_WHAT IS REQUIRED_
For this exercise, print the listing below exactly, without its pictures.

_INFORMATION PROVIDED_

====================

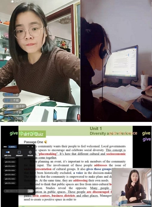 教学工作开展情况良好。各位老师备课认真,制定合理的教学计划,整理完备的教学资料。为了克服线上教学的困难,如网络不畅导致的直播卡顿等问题,老师们准备预案,电脑和手机结合来开展教学,部分老师采用雨课堂+钉钉完美结合的授课模式。为了增强线上教学的互动,让同学们在这特殊的疫情期间“愿学、乐学、想学”,老师们不断创新教学内容和形式,听力听练+口语练习+写作讲练+阅读讲练+小组互动+师生对话等形式使得课堂内容丰富多彩。
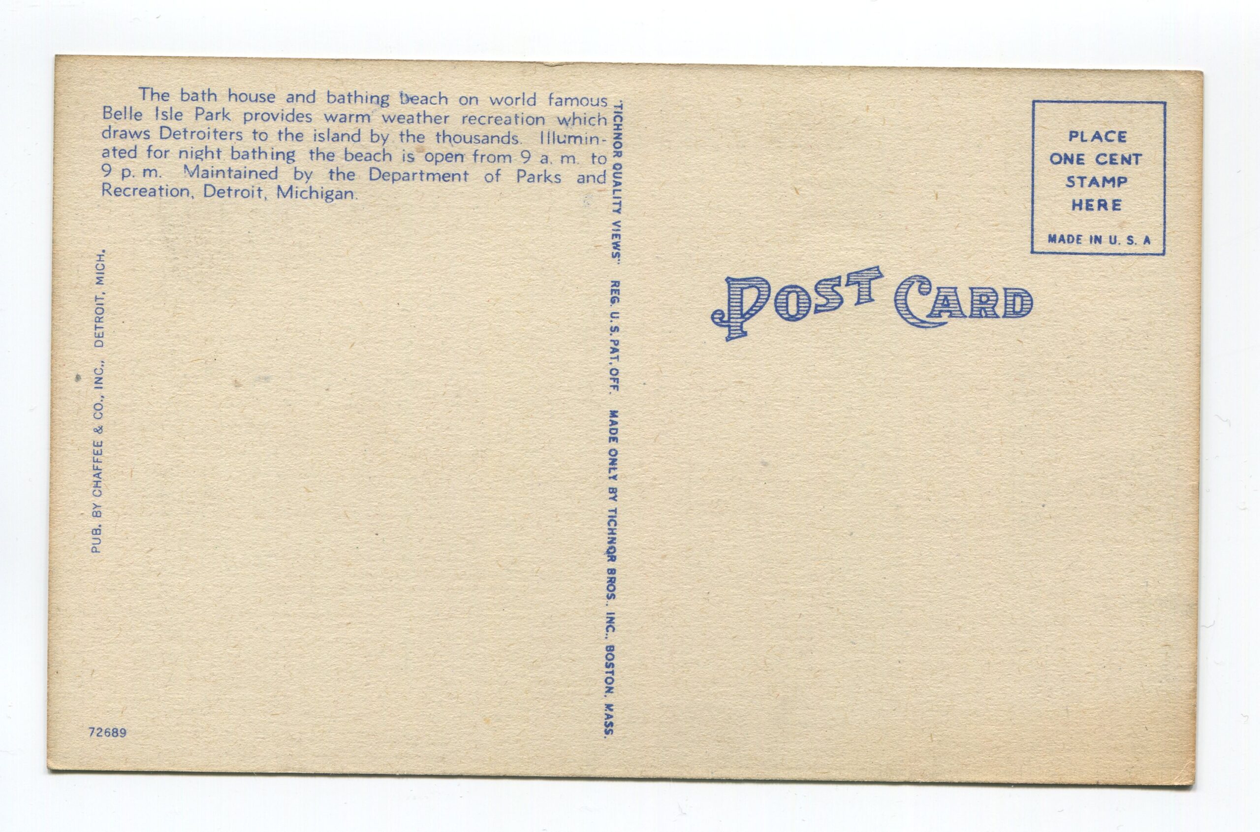 Belle Isle Bathing Beach and Bath House Detroit Michigan postcard
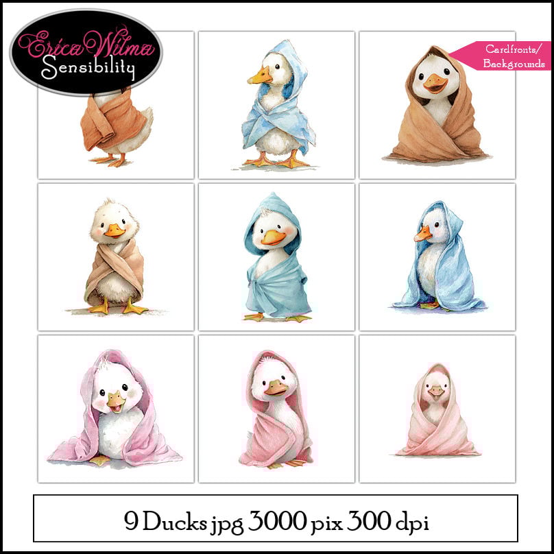 Wrap your designs in pure cuteness with this adorable Baby Ducks collection. This sweet set features nine charming little ducklings bundled in cozy blankets in soft pastel tones. Each duck is beautifully illustrated with gentle watercolor styling, expressive faces, and delicate details that bring warmth and charm to any creative project.

====================

_WRITTEN SOLUTION_
 教学工作开展情况良好。各位老师备课认真,制定合理的教学计划,整理完备的教学资料。为了克服线上教学的困难,如网络不畅导致的直播卡顿等问题,老师们准备预案,电脑和手机结合来开展教学,部分老师采用雨课堂+钉钉完美结合的授课模式。为了增强线上教学的互动,让同学们在这特殊的疫情期间“愿学、乐学、想学”,老师们不断创新教学内容和形式,听力听练+口语练习+写作讲练+阅读讲练+小组互动+师生对话等形式使得课堂内容丰富多彩。
 Belle Isle Bathing Beach and Bath House Detroit Michigan postcard
 Wrap your designs in pure cuteness with this adorable Baby Ducks collection. This sweet set features nine charming little ducklings bundled in cozy blankets in soft pastel tones. Each duck is beautifully illustrated with gentle watercolor styling, expressive faces, and delicate details that bring warmth and charm to any creative project.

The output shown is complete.